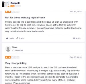 - The first thing that I didn’t like about OnePoll is that the site has a very high minimum cash out requirement. You will only be able to withdraw your money once it reaches £40. Unless you will be able to reach your referral limit quickly or be lucky enough to answer a lot of high paying surveys, then you cannot really expect to reach that amount quickly. It will typically take you 4 months or more before you are able to withdraw.
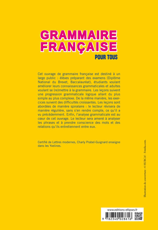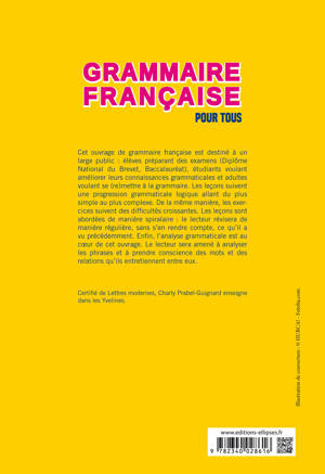 Cet ouvrage de grammaire française est destiné à un large public : élèves préparant des examens (Diplôme National du Brevet, Baccalauréat), étudiants voulant améliorer leurs connaissances grammaticales et adultes voulant se (re)mettre à la grammaire. Les leçons suivent une progression grammaticale logique allant du plus simple au plus complexe et sont accompagnées de nombreux exercices de mise en pratique et d’analyse grammaticale de niveau progressif:
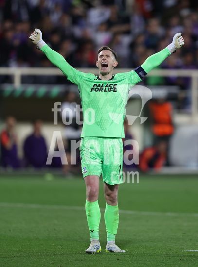 2926603 FIORENTINA, ITALIA, 16 DE ABRIL: Dean Henderson, do Crystal Palace, comemora apos o apito final, garantindo a classificacao do Crystal Palace para a semifinal da Liga Conferencia da UEFA, no jogo de volta das quartas de final, entre ACF Fiorentina e Crystal Palace FC, no Estadio Artemio Franchi, em Fiorentina, Italia, em 16 de abril. (Daniel Weir/SPP)
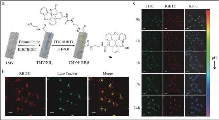Tian's group designed a pH-sensitive single-wavelength excited rated fluorescence probe (probe 16) [85,86], which revealed the site of TMV in different biological environments at different pH levels. In addition, the limit of detection was 12.9 nmol/L at 37 ℃. Probe 16 was made up of three functional sections: TMV, a pH-sensitive fluorophore fluorescein isothiocyanate (FITC) and another fluorophore rhodamine B isothiocyanate (RBITC) insensitive to pH. Upon excitation at 488 nm, FITC and RBITC showed fluorescence peaks at 515 and 575 nm, respectively. The fluorescence intensity emitted by FITC was enhanced as pH increased in the pH range of 5.7–7.4. The peak at 575 nm persisted and was used as an internal standard. Under multiple excitations, probe 16 was characterized by simplicity and low background noise. In addition, to retain the original morphology of TMV as far as possible, the Tian's group assembled exogenous fluorophore on the inner surface of coat protein (Fig. 16a). The two chemical reactive positions on the inner surface were glutamic acid 97 residue (97 Glu) and glutamic 106 residue (106 Glu). The procedures to synthesize probe 16 are described in Fig. 16a. First, the amino groups were inserted between carboxyl groups of 97 and 106 Glu-and amino groups of ethylenediamine. The isothiocyanate groups of FITC and RBITC were combined with the amino groups of TMV-NH-2. To validate the distribution of probe 16, 50 nmol/L LysoTracker® Deep Red was used to label lysosomes. The observed yellow was merged with the red fluorescence from TMV-F & RB and the green emission from LysoTrackerⓇ Deep Red at the coincident sites (Fig. 16b). Thus, the TMV track into lysosomes was determined to be true. To monitor the track of TMV in live cells, co-culture experiments of probe 16 and HeLa cells were conducted. The results presented in Fig. 16c showed that FITC and RBITC emitted rapid fluorescence initially. Subsequently, the green fluorescence from FITC was strengthened, while the red fluorescence from RBITC remained at specific intensity. The total fluorescence turned from green to blue, indicating reduction in the environmental pH. The observation was consistent with endocytosis in lysosomes.
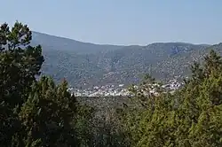 Blick vom östlich gelegenen Berg Pharonisi auf Korfos.
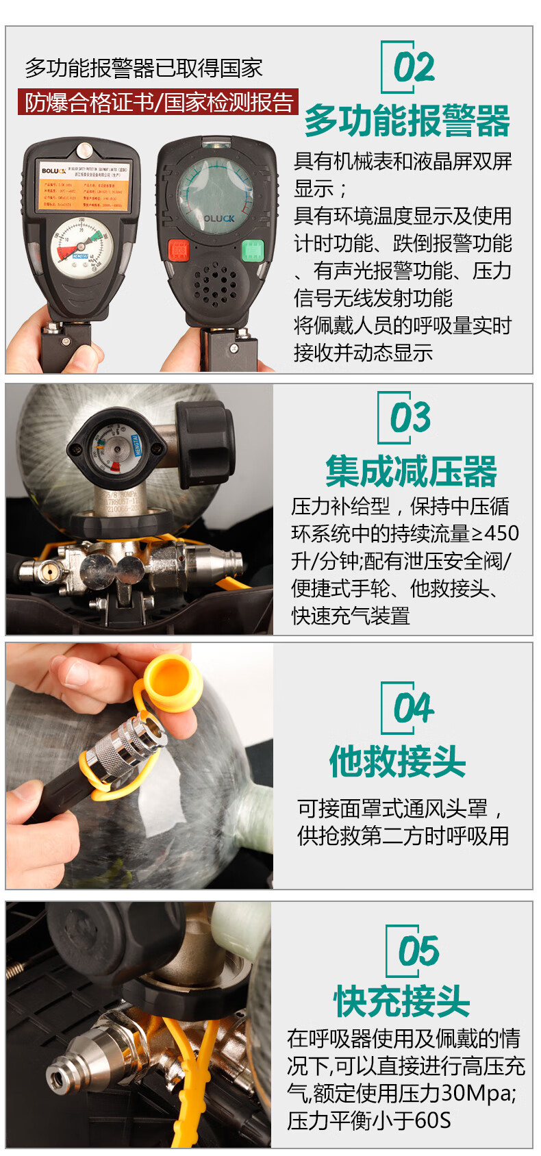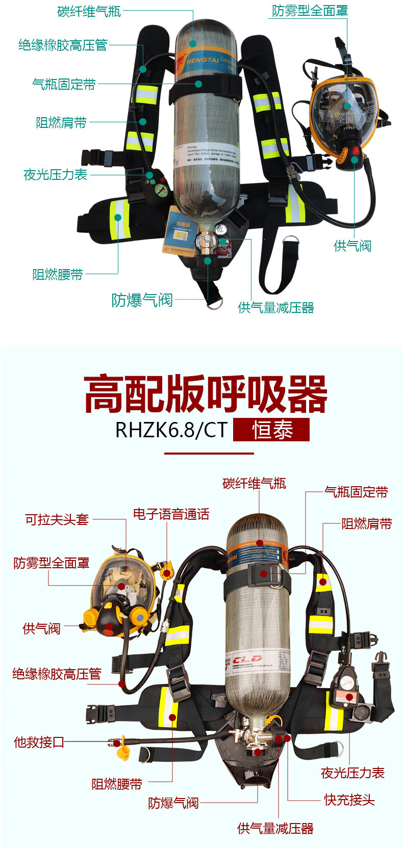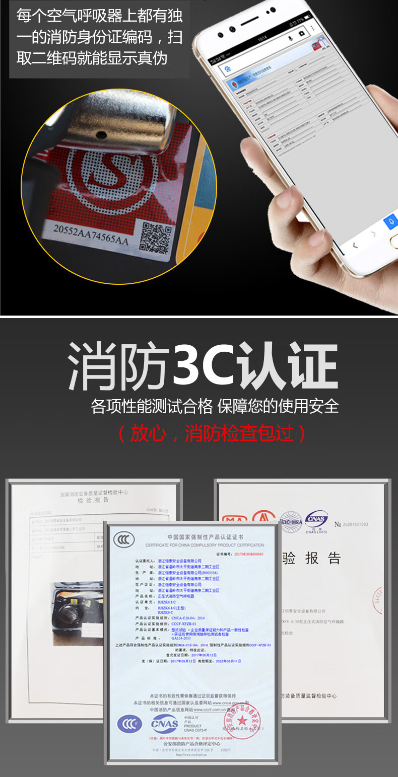 RHZKF6.8l/30 positive pressure air respirator self-priming portable firefighting 3C carbon fiber mask 6L cylinder escape smoke mask 6L cylinder respirator (test report with box)

★ ★ ★ ★ ★ ★ ★

Go back to the listing above and reproduce, exactly, the stretch from the line bearing "Cet ouvrage de" through the line bearing "2926603 FIORENTINA, ITALIA, 16", without its pictures.

## SOLUTION TO THIS TASK
 Cet ouvrage de grammaire française est destiné à un large public : élèves préparant des examens (Diplôme National du Brevet, Baccalauréat), étudiants voulant améliorer leurs connaissances grammaticales et adultes voulant se (re)mettre à la grammaire. Les leçons suivent une progression grammaticale logique allant du plus simple au plus complexe et sont accompagnées de nombreux exercices de mise en pratique et d’analyse grammaticale de niveau progressif:
 2926603 FIORENTINA, ITALIA, 16 DE ABRIL: Dean Henderson, do Crystal Palace, comemora apos o apito final, garantindo a classificacao do Crystal Palace para a semifinal da Liga Conferencia da UEFA, no jogo de volta das quartas de final, entre ACF Fiorentina e Crystal Palace FC, no Estadio Artemio Franchi, em Fiorentina, Italia, em 16 de abril. (Daniel Weir/SPP)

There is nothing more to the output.